------ PROVIDED RECORDS
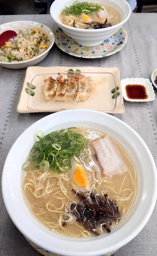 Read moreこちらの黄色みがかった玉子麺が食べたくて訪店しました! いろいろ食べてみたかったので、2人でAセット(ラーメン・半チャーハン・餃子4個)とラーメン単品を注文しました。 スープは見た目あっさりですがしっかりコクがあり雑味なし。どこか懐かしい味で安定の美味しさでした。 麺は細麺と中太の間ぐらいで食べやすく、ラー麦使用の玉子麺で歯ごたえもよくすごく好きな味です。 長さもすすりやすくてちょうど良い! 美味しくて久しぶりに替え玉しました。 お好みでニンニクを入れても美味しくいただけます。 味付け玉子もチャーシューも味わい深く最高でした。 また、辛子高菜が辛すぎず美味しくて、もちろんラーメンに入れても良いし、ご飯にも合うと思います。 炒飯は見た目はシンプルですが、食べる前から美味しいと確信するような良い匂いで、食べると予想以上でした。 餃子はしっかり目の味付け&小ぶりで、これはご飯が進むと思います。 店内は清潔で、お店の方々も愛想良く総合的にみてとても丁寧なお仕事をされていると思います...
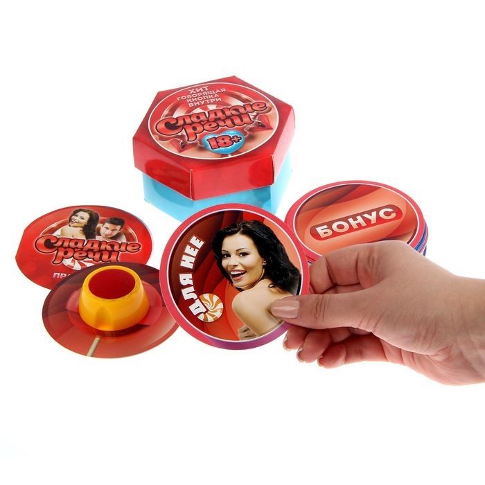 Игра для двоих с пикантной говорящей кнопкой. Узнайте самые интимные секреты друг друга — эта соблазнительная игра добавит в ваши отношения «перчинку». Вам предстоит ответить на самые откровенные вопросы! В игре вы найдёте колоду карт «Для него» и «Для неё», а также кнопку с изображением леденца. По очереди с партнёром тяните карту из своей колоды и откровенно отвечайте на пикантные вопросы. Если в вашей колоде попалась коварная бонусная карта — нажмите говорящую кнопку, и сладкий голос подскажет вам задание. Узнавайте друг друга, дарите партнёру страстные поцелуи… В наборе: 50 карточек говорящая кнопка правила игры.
------------
------ PROVIDED RECORDS
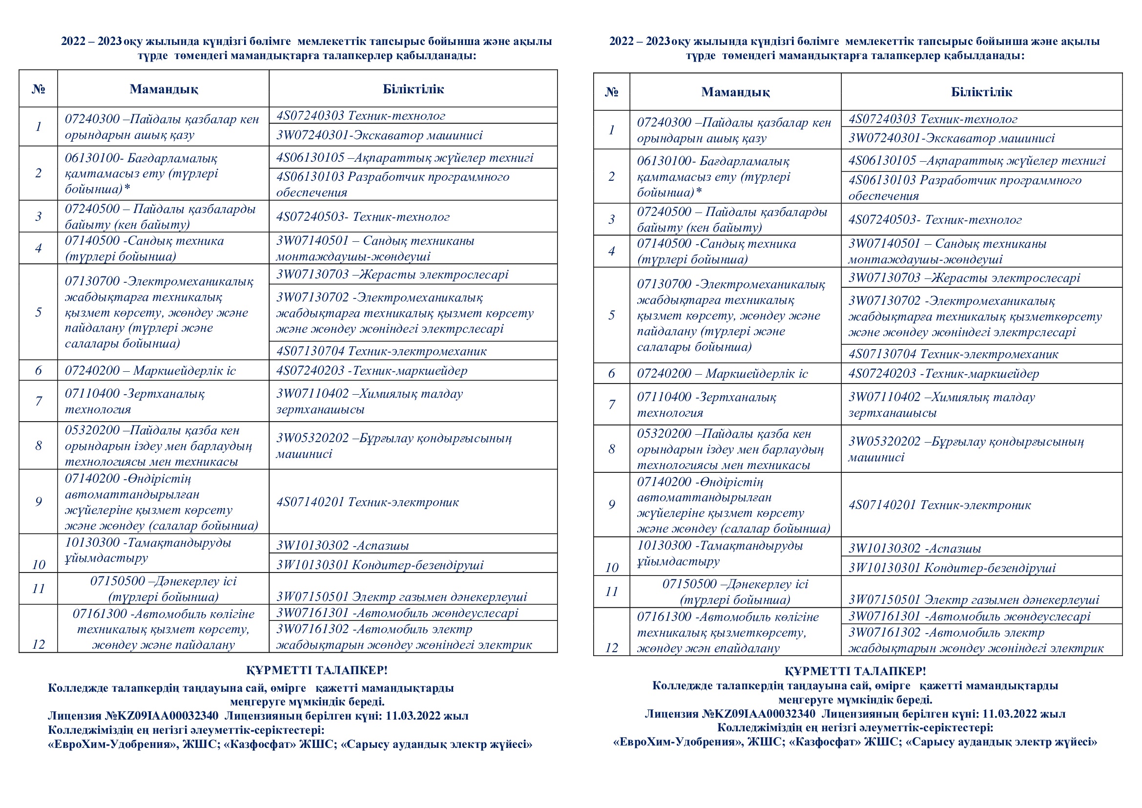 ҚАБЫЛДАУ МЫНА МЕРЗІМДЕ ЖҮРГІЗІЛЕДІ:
------------
------ PROVIDED RECORDS
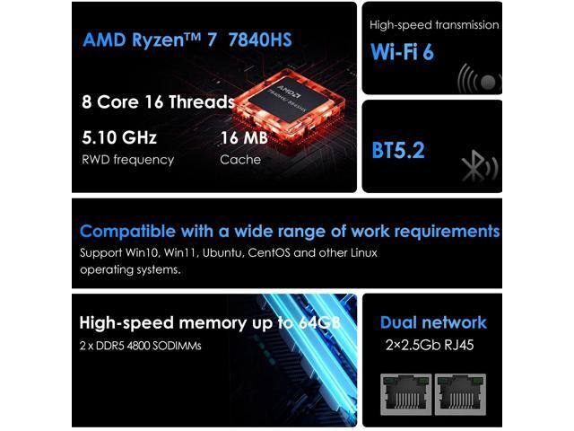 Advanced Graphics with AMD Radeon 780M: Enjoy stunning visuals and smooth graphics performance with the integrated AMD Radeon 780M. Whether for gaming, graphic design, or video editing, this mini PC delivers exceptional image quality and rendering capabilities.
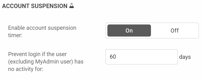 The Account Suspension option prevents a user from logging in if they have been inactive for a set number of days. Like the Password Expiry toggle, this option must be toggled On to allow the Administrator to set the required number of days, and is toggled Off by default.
------------
**WORK INSTRUCTION**
Within the entries above, give again exactly the lines starting at the one that contains "Advanced Graphics with" and ending at the one that contains "The Account Suspension", leaving out the pictures.

**WRITTEN SOLUTION**
 Advanced Graphics with AMD Radeon 780M: Enjoy stunning visuals and smooth graphics performance with the integrated AMD Radeon 780M. Whether for gaming, graphic design, or video editing, this mini PC delivers exceptional image quality and rendering capabilities.
 The Account Suspension option prevents a user from logging in if they have been inactive for a set number of days. Like the Password Expiry toggle, this option must be toggled On to allow the Administrator to set the required number of days, and is toggled Off by default.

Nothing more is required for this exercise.